Lo quieran o no, varias generaciones de políticos de la derecha han vivido en el universo discursivo de Fraga que desde los sesenta hasta los años noventa, plantó semillas de pensamiento que sus hijos y sus nietos no han sido capaces de cortar ni de superar.
Acostumbrados como estamos a que una carrera política no dure más de una década, la de Fraga asombra o asusta. Guante de hierro en puño de acero durante medio siglo. Fraga lo fue todo en política. Bueno, todo salvo lo que de verdad quiso ser y no pudo: Presidente del gobierno. Decía Giulio Andreotti que el poder desgasta, sobre todo cuando no se tiene. Fraga lo intentó todo para ganar unas elecciones. Se reunió con todo embajador, periodista o autoridad y negoció con todo aquel que pudiera ayudar a que su Alianza Popular pareciera un poco menos franquista, un poquito nada más. Para quien fue ministro de la dictadura, la travesía en el desierto en la oposición de los ochenta fue una lenta agonía, de querer mucho y poder poco, hasta que mil quinientos gaiteros celebraron su toma de posesión como presidente de la Xunta, exhibiendo otro tipo de poder.

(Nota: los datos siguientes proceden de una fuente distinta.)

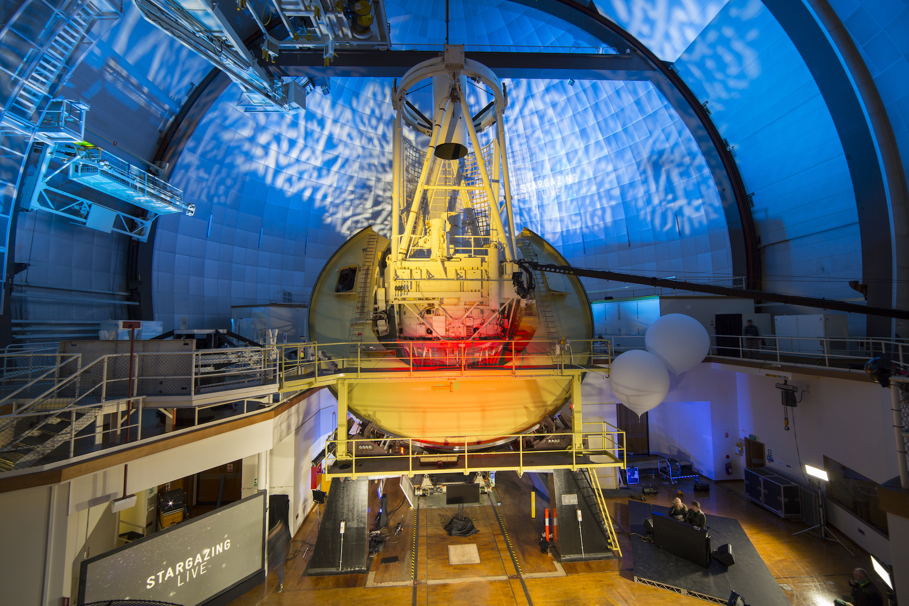 The AAT is ready for #StargazingABC. Hosts Julia Zemiro and Prof Brian Cox are sit in the piano, while Brian still rehearsing. Credit: Ángel R. López-Sánchez.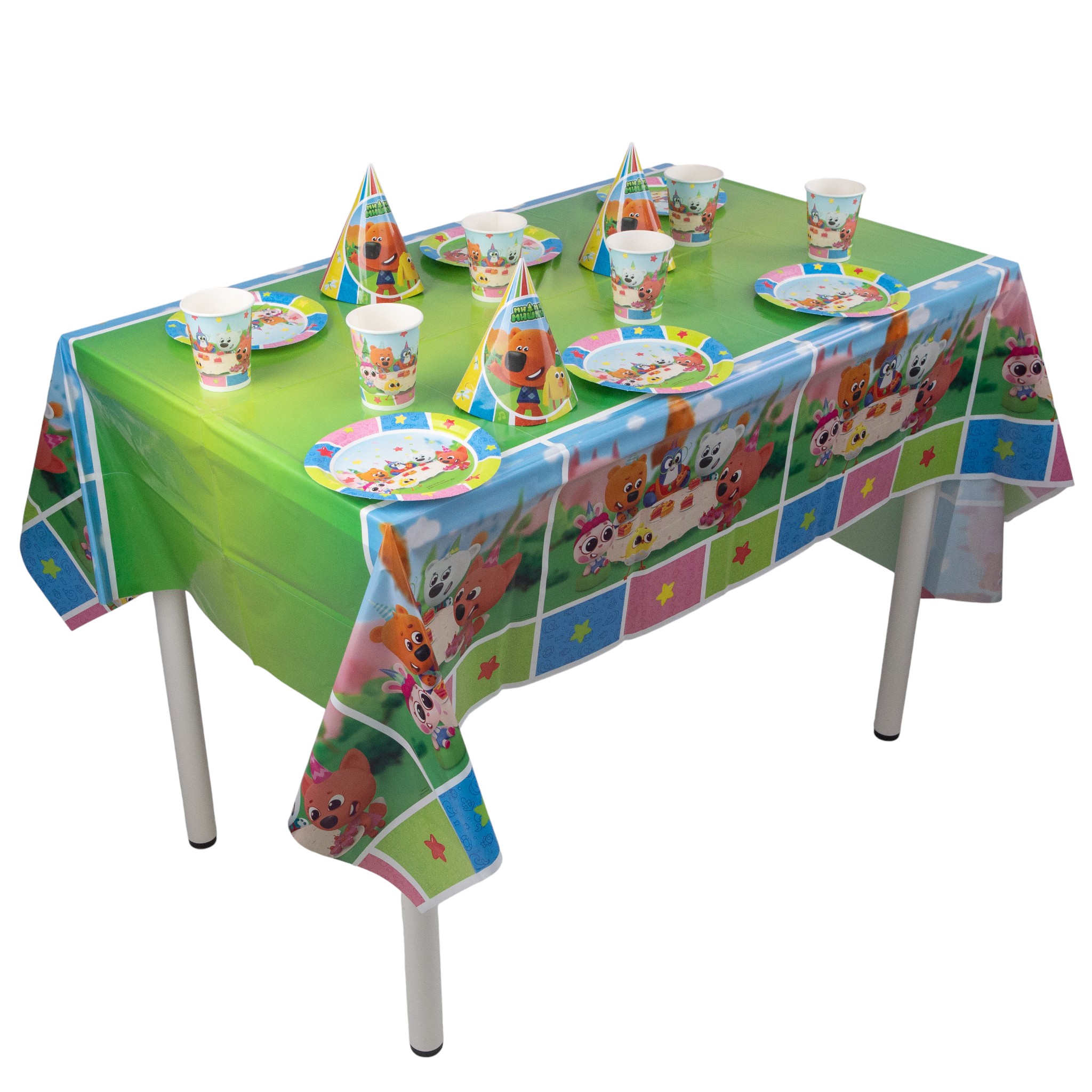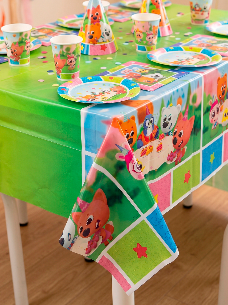 Праздничная скатерть «Мини-Мишки» дополнит оформление и добавит праздничных акцентов вечеринке.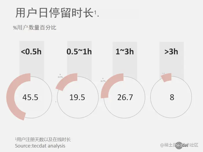 通过计算用户注册天数和在线持续时间,可以发现虽然45.5%的用户每天使用不到半小时,但超过30%的用户花费超过一小时超过一小时,表明由洗发水社区提供的内容更具吸引力。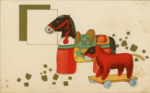 さまざまなテイストで描かれた馬のイラストのほか、子どもの日常生活や遊びをモチーフにした年賀絵はがきが目を引きます。干支にちなんだ意匠には馬の背に乗った子、竹馬で遊ぶ子、中には器械体操の“あん馬”に挑戦している男の子まで。馬や日本の子どもたちと戯れている、さまざまな装いのキューピーにもぜひご注目を。“カカア天下”な夫婦を面白おかしく描写した風刺画シリーズなど、ユーモアにあふれた漫画タッチの年賀状もご紹介しています。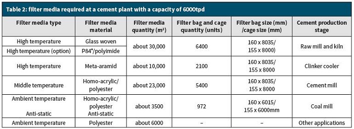 that the filter media quantity in a cement plant, which capacity is 6000 ton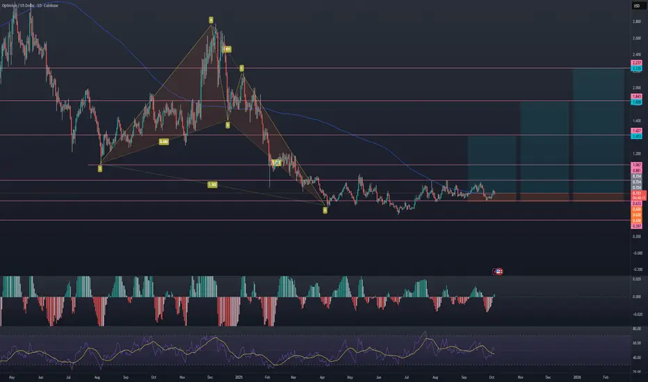 OP is still at/near the pattern completion zone of the potential Bullish Butterfly Harmonic Pattern. It's not perfect, but there is definitely an "M-shape" there and sellers are failing to push the price below .63 cents now for multiple months, which is a key level that goes all the way back to 2022. However, market participants are unable to create any local higher highs, which is somewhat concerning. Overall, it is probably more of a neutral likelihood of up vs. down here, but there is a lot of upside if market participants can keep the price above 63 cents long enough. Something to keep an eye on. Let's see what happens. It will be dependent on BTC not dumping here soon.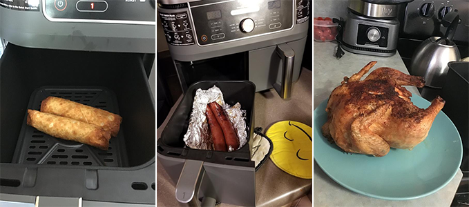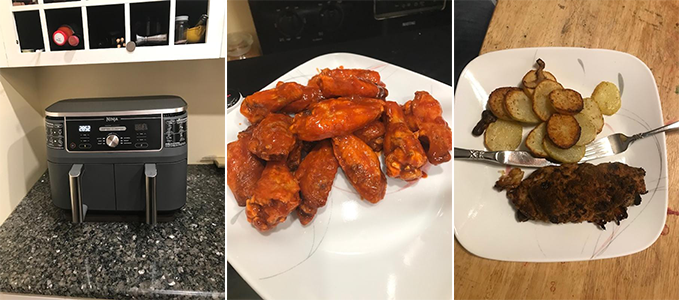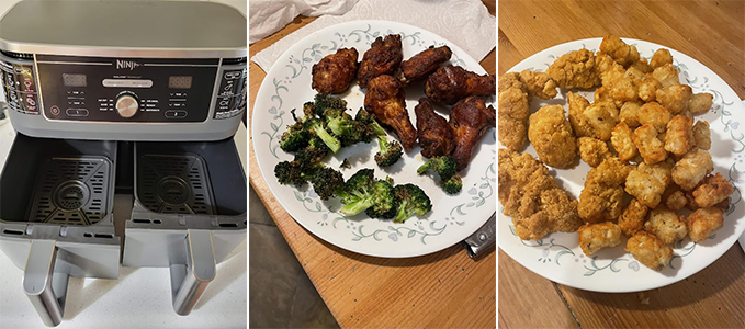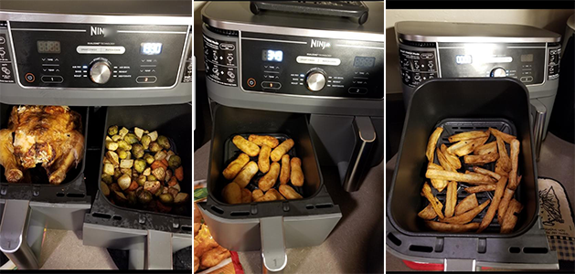 I can't believe I ever got by without Ninja in my life. First. I can roast a chicken in under an hour that is better than any rotisserie chicken you can buy. I rub a little olive oil on my roasting hen and season. put it in my air fryer on roast at 350 and miracles happen. I love that I can be making 2 different things at once and I can using Smart Finish have them get done at the same time. Foods are done quicker and nothing is greasy. this is healthier eating and everything seems to taste better too. Cleanup is a breeze. I use a damp sponge and haven't needed to soak or scrub yet. Another awesome feature. cool down at the end of the cooking cycle. I can even adjust the timer down to 0 to get the fryer to cycle down. You can use baskets separately or together to fry. bake. roast. reheat foods. dehydrate or even air broil. The match cook function means you can put the same thing in both baskets to double your capacity to make just about anything. As if all these features aren't enough. you can find so many recipe ideas online tailored to Ninja Foodi products. I have loved most that I tried. This air fryer is more than a time saver. it keeps my kitchen so much cooler and has really allowed me to be creative and made it possible to make meals in a pinch.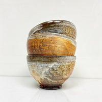 This is a soda fired bowl. Earthenware clay, porcelain slip, glossy liner glaze. Each bowl is unique, the soda firing process allows for varying surface results. You’ll get a bowl similar but not identical to what is pictured.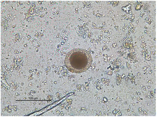 Soil samples were analyzed following a modified version of a sieving technique [,]. A measure of 100 g of sample was washed with running tap water, and each sample was sifted through four metal sieves with decreasing pore diameters (1000 µm, 250 µm, 125 µm, and 63 µm) to gradually eliminate the bigger particles. The residue in the last sieve was flushed into a 1000 mL sedimentation cup filled with water. After 20 min of sedimentation, the supernatant liquid was discarded, and the wash was repeated two more times. After the last wash, the sediment was collected into 15 mL tubes for centrifugation for 5 min at 500× g. The supernatant was discarded, and then 10 mL of zinc sulphate solution (specific gravity 1.2 g/cm3) were added to each tube, vortexed, and centrifuged for 5 min at 500× g. Finally, tubes were filled with the same solution to form a positive meniscus and a coverslip was placed on it. After 15 min, samples were examined with an optical microscope. In both coprological and soil analysis, samples were classified as positive or negative, but only samples with viable eggs were considered positive []. Due to the close similarity between eggs of Toxocara canis and T. cati, no attempt was made to differentiate between them.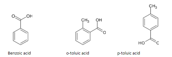 Firstly let's understand represent the structure of benzoic acid, o-toluic acid and p-toluic acid: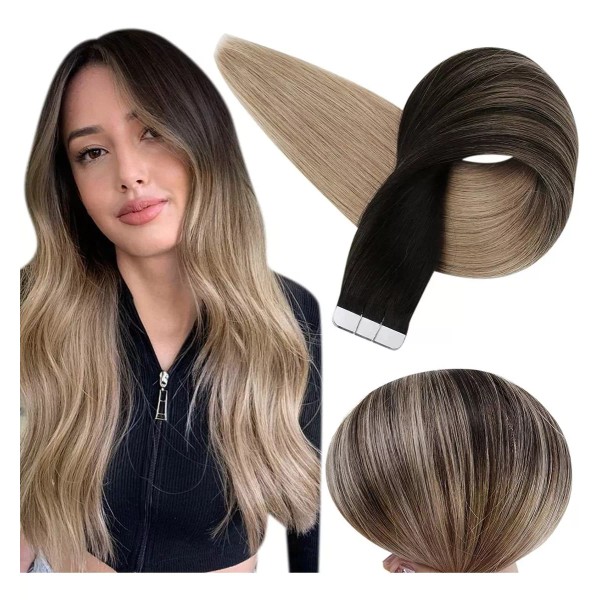 Extensiones de Cinta en el Pelo Negro Ombre 16 Pulgadas Extensiones de Cinta en el Pelo Ombre Cabello Humano Negro Mujeres 50g 20 Piezas Cinta de Trama en el Pelo Extensiones de Cabello Humano #1b/18

Más allá del personaje, muchas de las palabras que hoy suenan en las bocas de los portavoces y resuenan en las cabezas de militantes y simpatizantes de la derecha tradicional y la extrema derecha, vienen de Fraga. “Mayoría Natural”, “ingeniería social”, el “catastrofismo” permanente, Los permanentes “objetivos nacionales” para poner España por encima de todas las cosas. Incluso lo de realizar homenajes a la bandera en cada pueblo como acto de lealtad cívica a España, Fraga ya lo proponía en 1981. Lo quieran o no, varias generaciones de políticos de la derecha han vivido en el universo discursivo del que llamaban “el patrón de la derecha” que desde los sesenta hasta los años noventa, plantó semillas de pensamiento que sus hijos y sus nietos no han sido capaces de cortar ni de superar. Incluso lo de “Madrid es España dentro de España” ya está pensado en un libro de Fraga de 1993 llamado Administración única. O bien los ghostwriters del PP son unos forofos del político gallego o bien es que las palabras y conceptos principales que Fraga fue acuñando han conformado hasta hoy la cultura política conservadora.
La obra Iribarne de Esther Carrodeguas está en el Teatro Infanta Isabel hasta el 23 de julio en Madrid. En lo más profundo de las tardes tórridas de la capital, esta obra hace las veces de refugio climático y democrático. Saber quién fue Fraga para la democracia española, hacerlo a ritmo de carcajadas y una puesta en escena que te mantiene en vilo las casi tres horas que dura. En el Madrid de la libertad y termómetros por encima de 40º, no está de más disfrutar la historia menos oficial del fundador del Partido Popular. Peor sería quedarse cara al sol.